These four complexity mechanisms might foster (summarised in Table 3) or hinder innovation; the open-nested distributed control nature and the hubs provide the setting for interaction and collaboration across levels and with the environment to innovate. Interaction helps in ideation, as other stakeholders might have valuable ideas. Interaction gives access to resources, knowledge, and skills that are not in your possession, especially for smaller stakeholders like the startups in 5GA (i.e., the drone sensor provider). Even if the collaboration entails simply sharing their experience in seminars, it can reduce isolation. Stakeholders can obtain inspiration, learn new skills, help each other in problem-solving, and feel encouraged to pursue their ideas if they see others’ success.

6. Conclusions

DI is complex; however, research thus far has focused on the complexity of DI ecosystems. In this paper, we conducted two case studies that contributed to the theory of DI by shifting the focus from the ecosystems where stakeholders interrelate, co-exist, and co-evolve to implement, develop, exploit, and reuse DTs [6,7,11,31,32,33,34] to the complexity of the DI processes that these stakeholders go through to innovate [5,35,36,37], where DI processes lead to DI and the DI ecosystem to come to be through the initial implementation and development, or DI processes within the already existing DI ecosystems which can co-evolve the ecosystem through reuse.
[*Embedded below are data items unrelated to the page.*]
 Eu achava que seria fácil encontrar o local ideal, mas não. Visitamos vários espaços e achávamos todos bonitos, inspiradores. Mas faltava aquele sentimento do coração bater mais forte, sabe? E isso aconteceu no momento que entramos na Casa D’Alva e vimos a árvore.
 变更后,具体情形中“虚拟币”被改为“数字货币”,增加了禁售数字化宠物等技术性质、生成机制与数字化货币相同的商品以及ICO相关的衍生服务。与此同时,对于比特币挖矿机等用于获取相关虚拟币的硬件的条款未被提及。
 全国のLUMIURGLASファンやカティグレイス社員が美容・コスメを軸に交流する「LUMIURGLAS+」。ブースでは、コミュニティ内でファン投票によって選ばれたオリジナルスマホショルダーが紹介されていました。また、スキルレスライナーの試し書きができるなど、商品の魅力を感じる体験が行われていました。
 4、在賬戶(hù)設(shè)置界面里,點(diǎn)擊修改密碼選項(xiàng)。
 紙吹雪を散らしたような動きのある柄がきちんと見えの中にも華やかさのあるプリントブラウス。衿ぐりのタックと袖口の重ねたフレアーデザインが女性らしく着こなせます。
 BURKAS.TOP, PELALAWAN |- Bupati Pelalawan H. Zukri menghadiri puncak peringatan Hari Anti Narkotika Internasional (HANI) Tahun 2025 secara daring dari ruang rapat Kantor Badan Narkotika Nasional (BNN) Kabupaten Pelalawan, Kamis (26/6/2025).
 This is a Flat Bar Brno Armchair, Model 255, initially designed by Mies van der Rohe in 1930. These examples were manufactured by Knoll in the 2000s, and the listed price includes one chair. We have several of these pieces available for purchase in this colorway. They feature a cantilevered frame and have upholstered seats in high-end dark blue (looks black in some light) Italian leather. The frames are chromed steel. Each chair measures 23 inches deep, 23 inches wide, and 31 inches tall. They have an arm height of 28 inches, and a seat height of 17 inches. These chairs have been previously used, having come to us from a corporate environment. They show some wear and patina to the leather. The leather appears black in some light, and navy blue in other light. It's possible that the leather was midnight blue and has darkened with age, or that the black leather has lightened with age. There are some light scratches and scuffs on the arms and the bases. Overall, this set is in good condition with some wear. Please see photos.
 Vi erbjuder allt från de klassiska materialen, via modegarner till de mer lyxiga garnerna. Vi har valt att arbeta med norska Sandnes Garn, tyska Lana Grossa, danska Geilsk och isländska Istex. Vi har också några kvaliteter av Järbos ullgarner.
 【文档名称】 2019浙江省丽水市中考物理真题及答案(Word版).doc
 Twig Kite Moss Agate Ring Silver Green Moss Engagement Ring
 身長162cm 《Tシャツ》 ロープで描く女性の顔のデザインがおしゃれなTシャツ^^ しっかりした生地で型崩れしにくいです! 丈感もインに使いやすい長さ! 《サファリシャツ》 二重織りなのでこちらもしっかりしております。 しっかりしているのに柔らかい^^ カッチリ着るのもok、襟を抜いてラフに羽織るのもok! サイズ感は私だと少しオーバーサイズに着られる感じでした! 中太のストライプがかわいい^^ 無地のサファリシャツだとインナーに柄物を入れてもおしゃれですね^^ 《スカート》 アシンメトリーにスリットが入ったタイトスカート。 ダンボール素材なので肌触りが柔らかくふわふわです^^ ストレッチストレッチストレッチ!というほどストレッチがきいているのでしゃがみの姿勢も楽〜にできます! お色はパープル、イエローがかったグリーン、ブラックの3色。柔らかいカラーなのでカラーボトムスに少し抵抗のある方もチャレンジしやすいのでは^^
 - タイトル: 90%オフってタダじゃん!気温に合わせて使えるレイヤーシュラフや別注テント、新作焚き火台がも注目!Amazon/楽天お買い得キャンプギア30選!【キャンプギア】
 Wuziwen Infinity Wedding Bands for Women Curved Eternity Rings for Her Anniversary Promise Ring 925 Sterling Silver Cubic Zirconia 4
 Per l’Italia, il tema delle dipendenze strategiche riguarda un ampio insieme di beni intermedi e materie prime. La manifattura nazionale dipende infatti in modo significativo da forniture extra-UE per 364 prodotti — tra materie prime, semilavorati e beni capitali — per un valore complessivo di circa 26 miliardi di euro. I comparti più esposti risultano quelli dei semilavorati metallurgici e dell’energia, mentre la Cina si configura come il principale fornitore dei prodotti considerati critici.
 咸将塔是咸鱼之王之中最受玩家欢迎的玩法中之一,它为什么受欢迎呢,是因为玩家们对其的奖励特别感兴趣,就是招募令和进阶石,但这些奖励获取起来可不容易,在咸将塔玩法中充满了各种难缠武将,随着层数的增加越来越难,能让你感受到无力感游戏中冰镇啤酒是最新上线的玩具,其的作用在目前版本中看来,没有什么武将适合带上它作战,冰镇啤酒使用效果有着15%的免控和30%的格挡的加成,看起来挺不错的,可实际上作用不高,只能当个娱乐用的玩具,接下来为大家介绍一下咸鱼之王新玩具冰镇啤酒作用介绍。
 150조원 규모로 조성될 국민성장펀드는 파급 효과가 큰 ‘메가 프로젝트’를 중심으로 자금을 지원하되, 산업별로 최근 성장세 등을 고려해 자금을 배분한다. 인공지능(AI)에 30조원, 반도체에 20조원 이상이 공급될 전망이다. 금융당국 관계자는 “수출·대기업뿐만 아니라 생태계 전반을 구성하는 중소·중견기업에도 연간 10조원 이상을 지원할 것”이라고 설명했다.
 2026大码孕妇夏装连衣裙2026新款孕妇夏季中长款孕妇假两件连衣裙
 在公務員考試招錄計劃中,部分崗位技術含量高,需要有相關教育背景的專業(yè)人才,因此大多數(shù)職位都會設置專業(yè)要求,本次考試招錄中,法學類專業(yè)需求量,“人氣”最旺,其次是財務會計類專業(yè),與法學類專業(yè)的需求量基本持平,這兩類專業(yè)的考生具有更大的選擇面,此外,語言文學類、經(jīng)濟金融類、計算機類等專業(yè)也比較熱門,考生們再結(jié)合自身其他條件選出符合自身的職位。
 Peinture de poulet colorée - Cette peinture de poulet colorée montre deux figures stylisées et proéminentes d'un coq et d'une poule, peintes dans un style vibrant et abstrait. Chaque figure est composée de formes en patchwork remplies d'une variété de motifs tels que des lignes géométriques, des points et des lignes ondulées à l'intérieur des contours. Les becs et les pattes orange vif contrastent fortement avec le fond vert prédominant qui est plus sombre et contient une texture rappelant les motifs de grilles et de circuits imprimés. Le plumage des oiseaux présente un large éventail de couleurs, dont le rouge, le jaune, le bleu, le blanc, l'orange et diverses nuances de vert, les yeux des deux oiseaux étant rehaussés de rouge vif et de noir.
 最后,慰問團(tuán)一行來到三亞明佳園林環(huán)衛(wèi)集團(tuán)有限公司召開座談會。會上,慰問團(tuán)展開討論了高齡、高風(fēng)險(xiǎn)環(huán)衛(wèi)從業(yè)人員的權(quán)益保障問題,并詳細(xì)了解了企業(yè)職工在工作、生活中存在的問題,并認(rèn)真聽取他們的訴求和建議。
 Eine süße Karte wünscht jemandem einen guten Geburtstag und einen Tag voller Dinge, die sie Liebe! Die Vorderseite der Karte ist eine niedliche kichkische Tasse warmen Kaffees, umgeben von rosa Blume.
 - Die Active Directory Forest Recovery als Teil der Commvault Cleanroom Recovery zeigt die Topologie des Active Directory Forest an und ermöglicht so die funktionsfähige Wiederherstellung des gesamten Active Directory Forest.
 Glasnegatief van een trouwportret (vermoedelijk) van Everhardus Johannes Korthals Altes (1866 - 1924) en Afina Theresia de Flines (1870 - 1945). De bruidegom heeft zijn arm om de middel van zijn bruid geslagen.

We highlighted that DI processes get their complex nature from complexity mechanisms in their structure, i.e., nested systems, open systems, distributed control, and hubs. We also highlighted that stakeholders could exploit this complex nature by interacting through the complexity mechanisms to foster DI. We also found that change could occur in how the DI process works, in boundary redefinition, or change as innovation.
This could help researchers understand the complexity of the DI process to further research how the DI process’ complexity causes change and innovation. With this understanding, researchers and practitioners could exploit the complexities to innovate, for example, by actively interacting with stakeholders in the environment for inspiration or potential collaboration. They also need to understand what complexity entails to manage it and avoid its pitfalls that cause hindrances. Moreover, although it is not the aim of this paper, complexity orchestration is important to handle nestedness and distributed control.
It should be noted that our findings mainly focused on each complexity mechanism separately, even though they are not mutually exclusive. We only made connections when we saw them, but future research could focus more on the connections between them. Furthermore, future research could focus on the orchestration of DI processes or on strategies to avoid their pitfalls.

Author Contributions

Conceptualization, Y.E. and J.G.; methodology, Y.E. and J.G.; software, Y.E.; validation, Y.E. and J.G.; formal analysis, Y.E.; investigation, Y.E. and J.G.; resources, Y.E. and J.G.; writing—original draft preparation, Y.E. and J.G.; writing—review and editing, Y.E. and J.G.; visualisation, Y.E. All authors have read and agreed to the published version of the manuscript.

Funding

This research was funded by Smart Viable Countryside-project (SMALL)-project, no. 20358386, financed by the Swedish Agency for Economic and Regional Growth and European Regional Development Fund.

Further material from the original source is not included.